• What this task involves: Going through the data below, copy out each line where the word "masuk" shows up.

[Saved data entries]
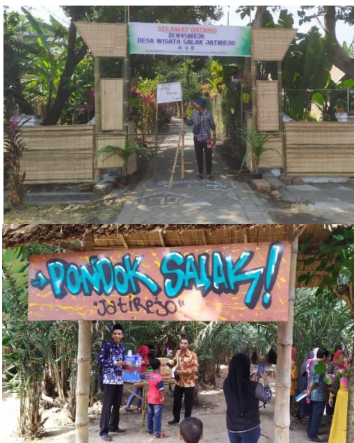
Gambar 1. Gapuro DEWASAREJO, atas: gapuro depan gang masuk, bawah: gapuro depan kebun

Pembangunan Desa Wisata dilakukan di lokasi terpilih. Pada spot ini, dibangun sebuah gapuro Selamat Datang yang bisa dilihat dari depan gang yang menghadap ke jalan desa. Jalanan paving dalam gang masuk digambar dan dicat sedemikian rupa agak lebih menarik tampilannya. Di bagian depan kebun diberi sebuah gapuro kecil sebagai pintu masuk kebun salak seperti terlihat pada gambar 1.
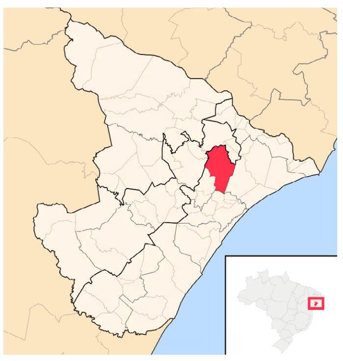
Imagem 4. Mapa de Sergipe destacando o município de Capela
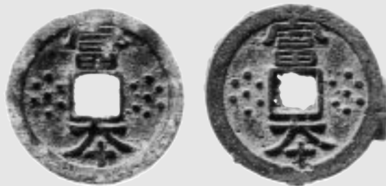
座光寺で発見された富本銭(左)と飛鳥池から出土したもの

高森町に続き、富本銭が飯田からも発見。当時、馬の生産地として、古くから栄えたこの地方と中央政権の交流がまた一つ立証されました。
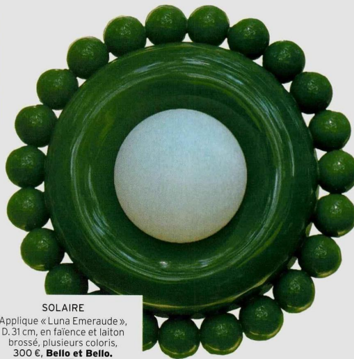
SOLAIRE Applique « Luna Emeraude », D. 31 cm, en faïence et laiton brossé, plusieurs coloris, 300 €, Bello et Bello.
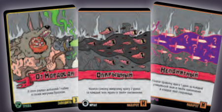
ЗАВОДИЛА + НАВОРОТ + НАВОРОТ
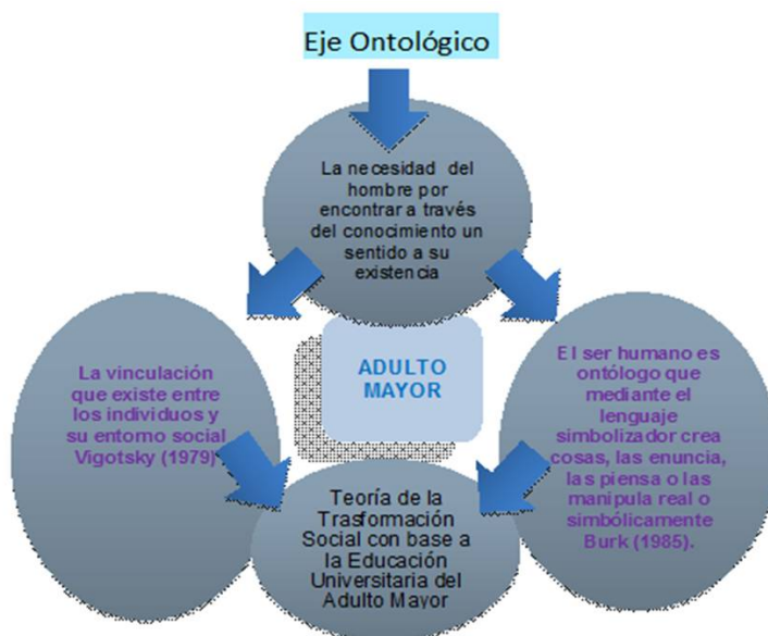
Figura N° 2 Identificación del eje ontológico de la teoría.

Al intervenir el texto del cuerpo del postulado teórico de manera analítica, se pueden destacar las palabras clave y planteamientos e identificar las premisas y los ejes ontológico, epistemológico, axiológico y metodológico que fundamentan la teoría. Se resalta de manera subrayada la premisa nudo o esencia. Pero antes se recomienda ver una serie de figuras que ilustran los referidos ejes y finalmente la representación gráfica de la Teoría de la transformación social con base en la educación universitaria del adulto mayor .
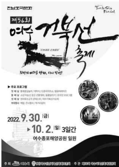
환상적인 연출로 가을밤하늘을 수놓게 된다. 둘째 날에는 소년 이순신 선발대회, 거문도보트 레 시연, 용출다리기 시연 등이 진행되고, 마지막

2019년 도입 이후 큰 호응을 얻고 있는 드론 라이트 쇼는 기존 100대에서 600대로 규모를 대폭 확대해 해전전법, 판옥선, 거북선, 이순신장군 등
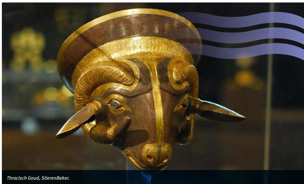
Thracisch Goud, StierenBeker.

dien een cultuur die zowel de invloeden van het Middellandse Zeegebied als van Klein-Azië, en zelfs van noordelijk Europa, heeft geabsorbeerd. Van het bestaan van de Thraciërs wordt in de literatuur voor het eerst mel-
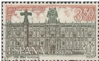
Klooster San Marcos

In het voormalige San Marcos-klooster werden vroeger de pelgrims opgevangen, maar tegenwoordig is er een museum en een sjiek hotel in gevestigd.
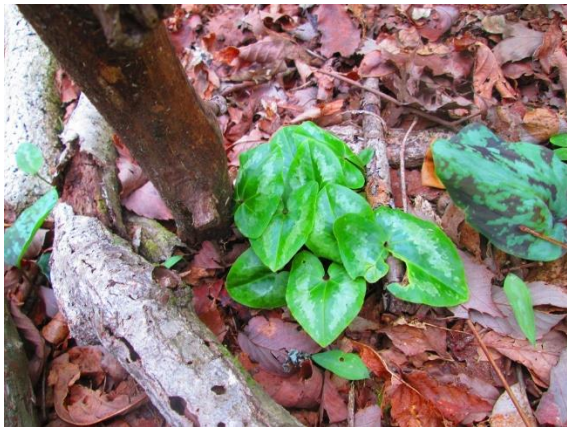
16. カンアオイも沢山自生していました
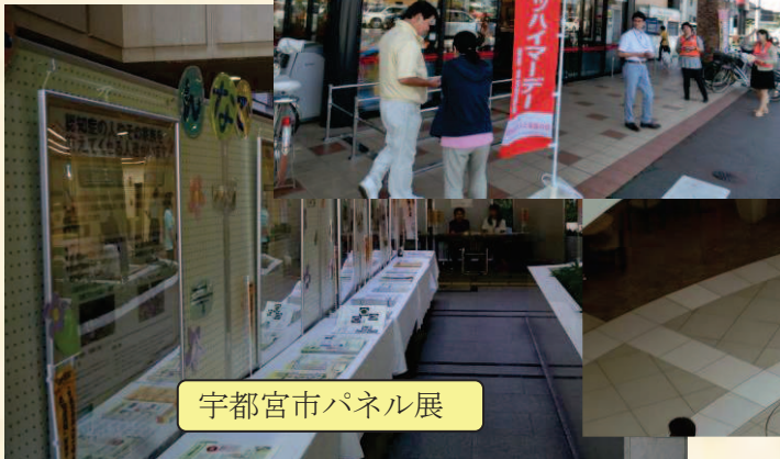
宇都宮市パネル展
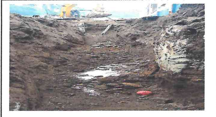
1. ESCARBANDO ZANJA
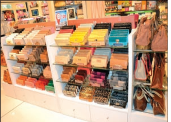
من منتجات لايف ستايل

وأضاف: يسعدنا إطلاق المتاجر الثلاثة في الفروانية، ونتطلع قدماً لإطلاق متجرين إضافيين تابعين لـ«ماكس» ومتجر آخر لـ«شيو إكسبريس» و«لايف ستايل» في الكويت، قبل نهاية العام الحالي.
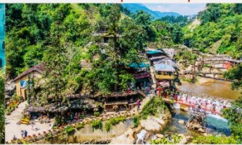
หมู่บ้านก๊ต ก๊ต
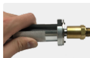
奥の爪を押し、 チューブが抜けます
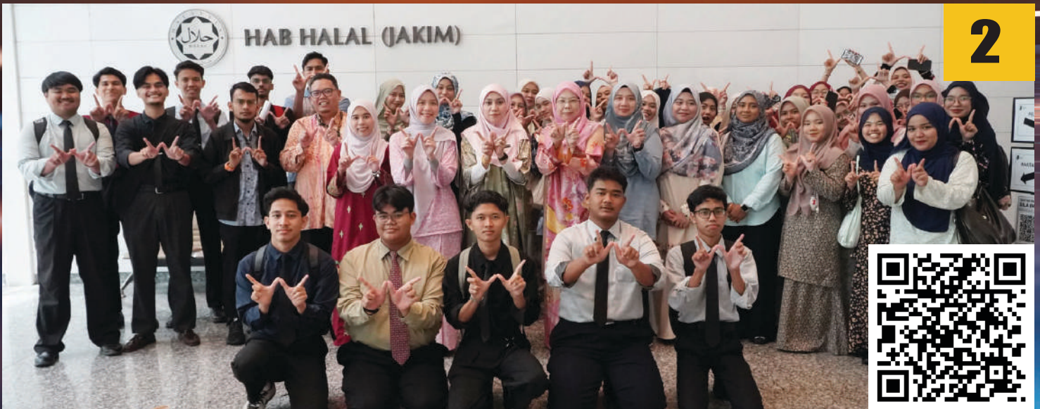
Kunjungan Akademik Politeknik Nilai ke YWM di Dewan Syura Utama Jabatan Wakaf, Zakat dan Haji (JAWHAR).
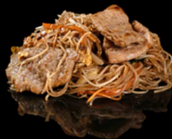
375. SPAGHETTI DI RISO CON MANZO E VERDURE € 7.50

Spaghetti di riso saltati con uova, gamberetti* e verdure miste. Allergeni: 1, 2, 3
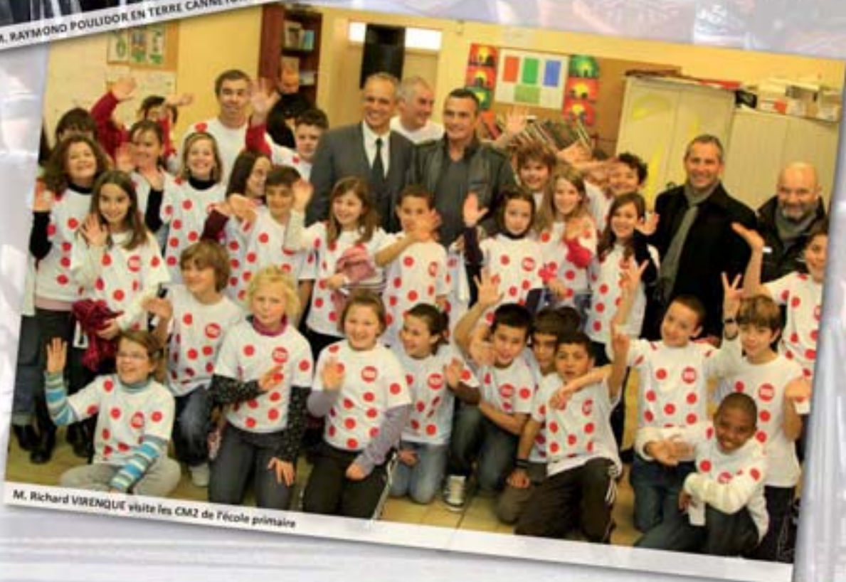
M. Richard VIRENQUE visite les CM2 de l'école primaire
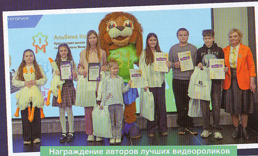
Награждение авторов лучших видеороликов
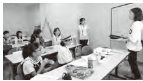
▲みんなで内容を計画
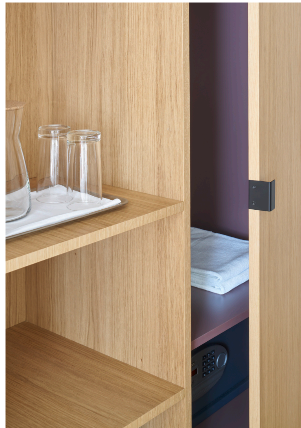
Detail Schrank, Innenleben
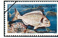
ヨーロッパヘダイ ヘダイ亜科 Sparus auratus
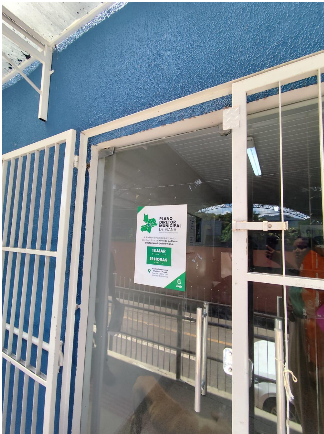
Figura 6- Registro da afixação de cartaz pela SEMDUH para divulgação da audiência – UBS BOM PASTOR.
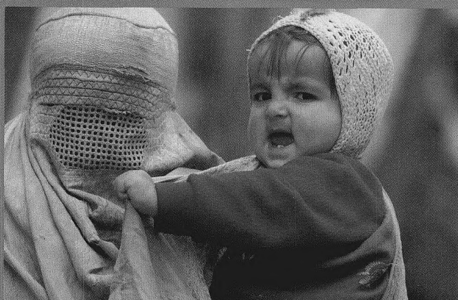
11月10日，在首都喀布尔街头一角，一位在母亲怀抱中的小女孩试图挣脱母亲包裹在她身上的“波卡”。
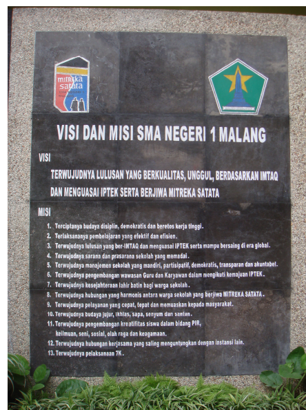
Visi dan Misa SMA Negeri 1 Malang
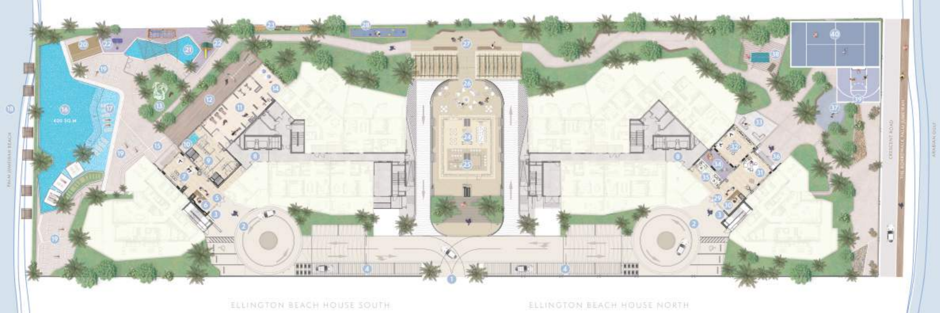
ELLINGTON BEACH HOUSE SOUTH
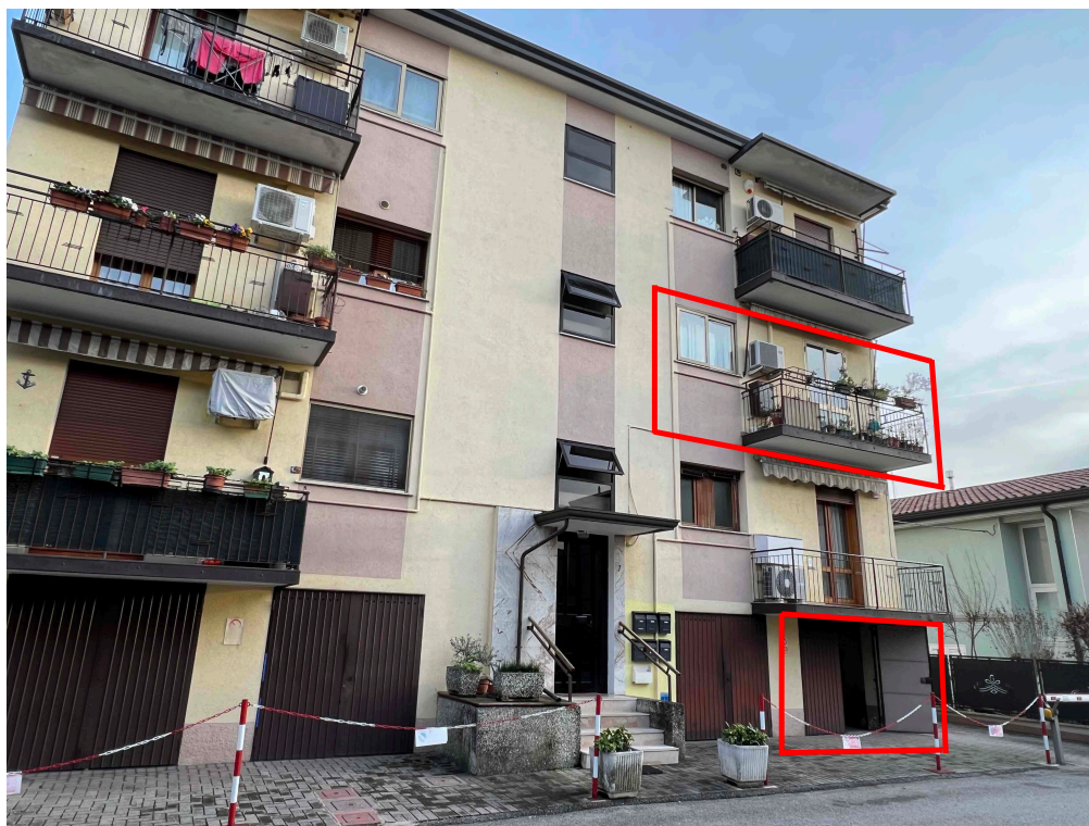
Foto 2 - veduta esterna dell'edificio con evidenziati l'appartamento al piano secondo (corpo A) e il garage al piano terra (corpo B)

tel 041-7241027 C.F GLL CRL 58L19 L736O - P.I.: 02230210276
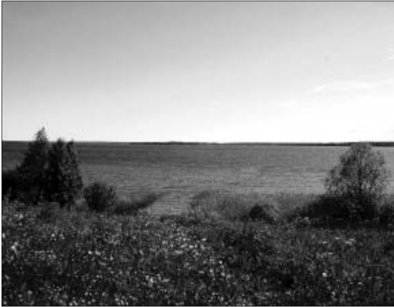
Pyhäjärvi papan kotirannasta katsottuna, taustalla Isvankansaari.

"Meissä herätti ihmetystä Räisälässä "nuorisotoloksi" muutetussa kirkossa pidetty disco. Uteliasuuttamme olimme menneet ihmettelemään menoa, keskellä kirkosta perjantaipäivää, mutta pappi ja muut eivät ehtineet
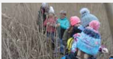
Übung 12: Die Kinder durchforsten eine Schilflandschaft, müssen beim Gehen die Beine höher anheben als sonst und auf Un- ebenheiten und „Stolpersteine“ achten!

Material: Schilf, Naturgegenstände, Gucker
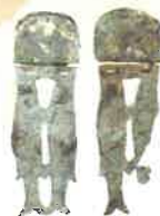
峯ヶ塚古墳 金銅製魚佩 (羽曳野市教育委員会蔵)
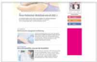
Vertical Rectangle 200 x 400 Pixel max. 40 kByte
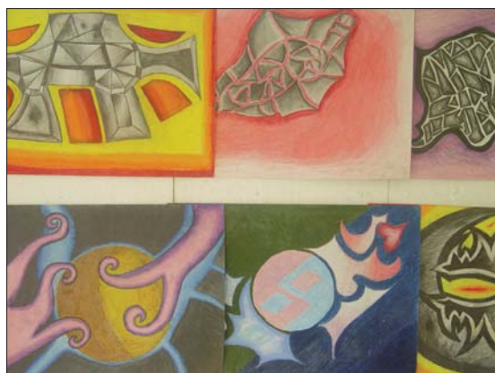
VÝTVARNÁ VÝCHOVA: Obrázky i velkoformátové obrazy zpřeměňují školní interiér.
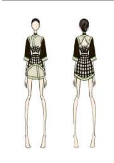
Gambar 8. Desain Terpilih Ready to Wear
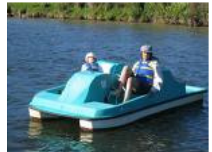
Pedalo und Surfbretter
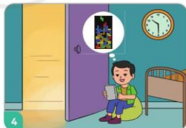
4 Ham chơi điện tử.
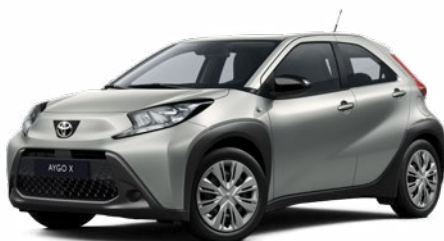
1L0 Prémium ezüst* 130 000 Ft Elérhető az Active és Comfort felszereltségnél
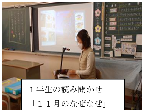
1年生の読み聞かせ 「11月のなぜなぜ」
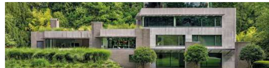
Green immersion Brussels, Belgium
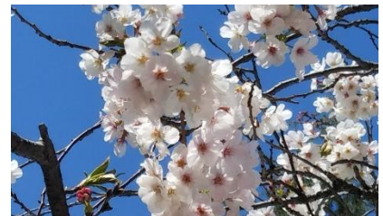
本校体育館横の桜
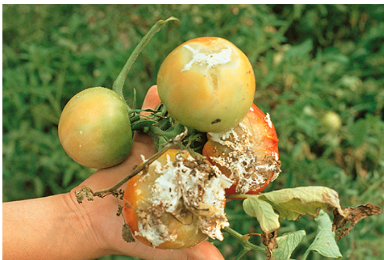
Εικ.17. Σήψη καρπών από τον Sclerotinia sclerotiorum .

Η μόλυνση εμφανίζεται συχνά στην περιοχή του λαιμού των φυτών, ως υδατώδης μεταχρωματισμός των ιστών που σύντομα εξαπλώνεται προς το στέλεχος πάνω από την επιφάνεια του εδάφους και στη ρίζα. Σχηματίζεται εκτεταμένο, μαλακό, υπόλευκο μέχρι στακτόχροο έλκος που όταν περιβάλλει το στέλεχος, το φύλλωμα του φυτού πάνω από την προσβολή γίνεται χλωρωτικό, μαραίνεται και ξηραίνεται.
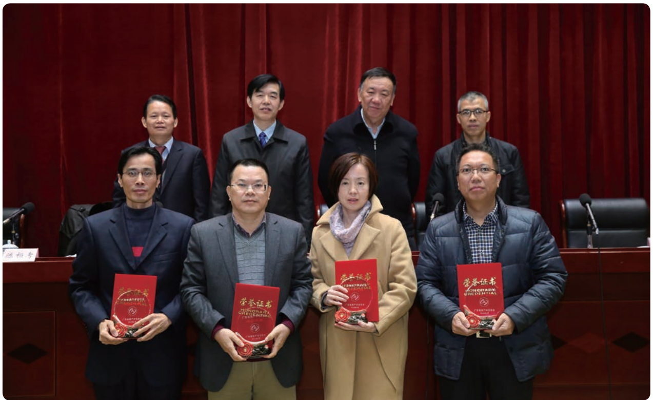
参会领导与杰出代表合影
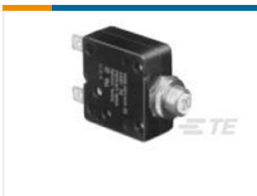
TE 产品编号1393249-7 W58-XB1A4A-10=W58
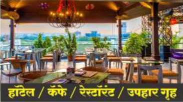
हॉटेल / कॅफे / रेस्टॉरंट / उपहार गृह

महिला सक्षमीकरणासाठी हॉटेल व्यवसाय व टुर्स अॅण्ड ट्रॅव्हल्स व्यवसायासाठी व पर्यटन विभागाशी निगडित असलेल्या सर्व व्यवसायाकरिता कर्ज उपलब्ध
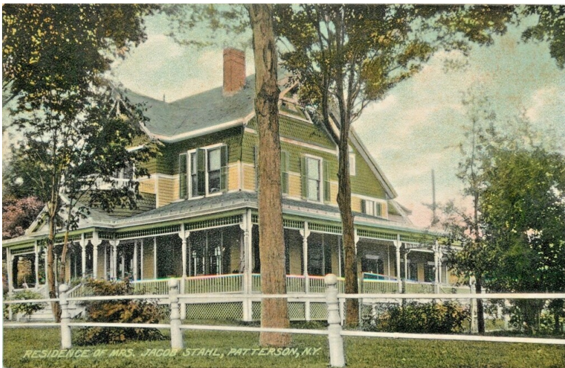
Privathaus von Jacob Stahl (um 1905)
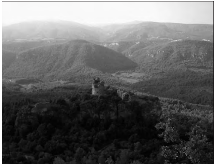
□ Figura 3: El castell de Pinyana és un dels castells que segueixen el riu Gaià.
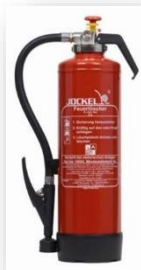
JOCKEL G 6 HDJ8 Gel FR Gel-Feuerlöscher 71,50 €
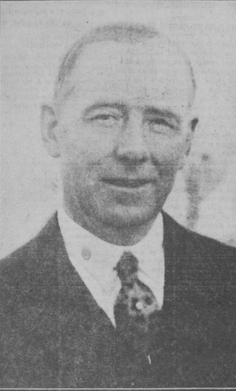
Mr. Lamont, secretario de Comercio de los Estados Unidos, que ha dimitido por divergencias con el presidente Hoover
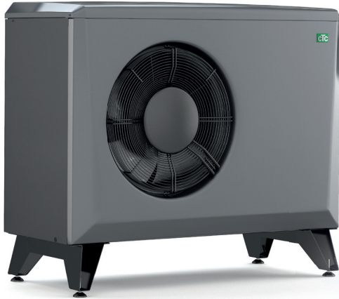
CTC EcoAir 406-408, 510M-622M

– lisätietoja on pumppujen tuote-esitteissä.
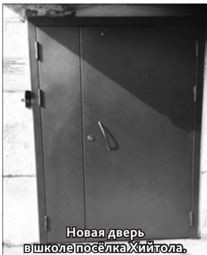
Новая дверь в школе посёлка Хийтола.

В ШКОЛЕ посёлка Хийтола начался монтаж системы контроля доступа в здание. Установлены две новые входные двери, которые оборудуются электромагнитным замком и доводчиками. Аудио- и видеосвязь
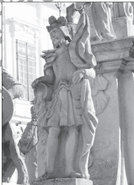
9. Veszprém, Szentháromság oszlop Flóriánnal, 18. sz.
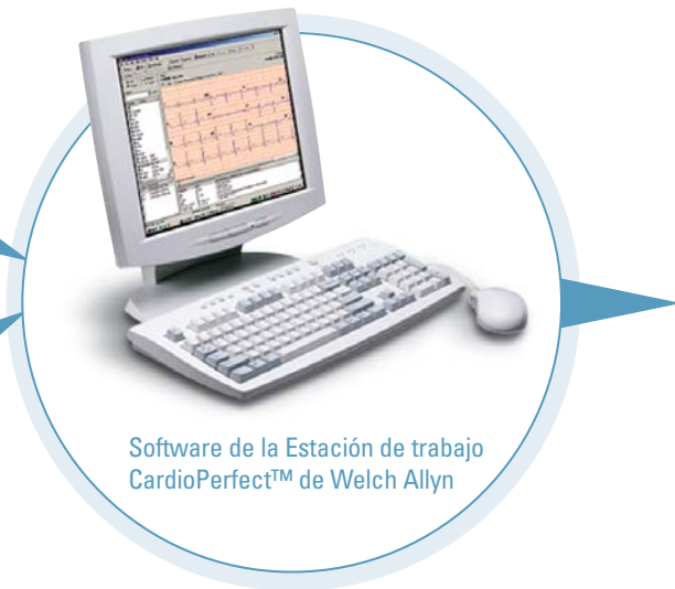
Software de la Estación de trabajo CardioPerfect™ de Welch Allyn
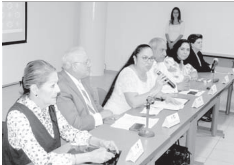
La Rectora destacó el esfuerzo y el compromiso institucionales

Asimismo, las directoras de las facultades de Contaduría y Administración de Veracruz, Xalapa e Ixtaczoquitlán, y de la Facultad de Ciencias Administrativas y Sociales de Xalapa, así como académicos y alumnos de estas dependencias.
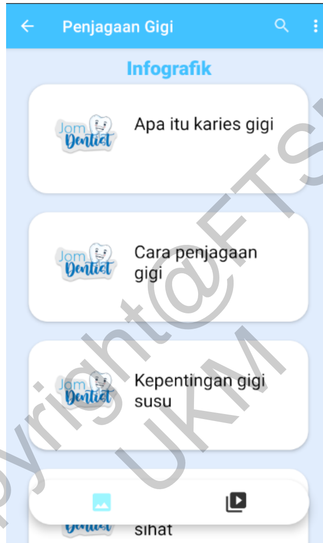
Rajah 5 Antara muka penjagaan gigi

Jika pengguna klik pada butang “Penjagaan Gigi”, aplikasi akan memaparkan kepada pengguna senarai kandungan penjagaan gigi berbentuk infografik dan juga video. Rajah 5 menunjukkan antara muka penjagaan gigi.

• Your response:
Gambar 1. Gapuro DEWASAREJO, atas: gapuro depan gang masuk, bawah: gapuro depan kebun
Pembangunan Desa Wisata dilakukan di lokasi terpilih. Pada spot ini, dibangun sebuah gapuro Selamat Datang yang bisa dilihat dari depan gang yang menghadap ke jalan desa. Jalanan paving dalam gang masuk digambar dan dicat sedemikian rupa agak lebih menarik tampilannya. Di bagian depan kebun diberi sebuah gapuro kecil sebagai pintu masuk kebun salak seperti terlihat pada gambar 1.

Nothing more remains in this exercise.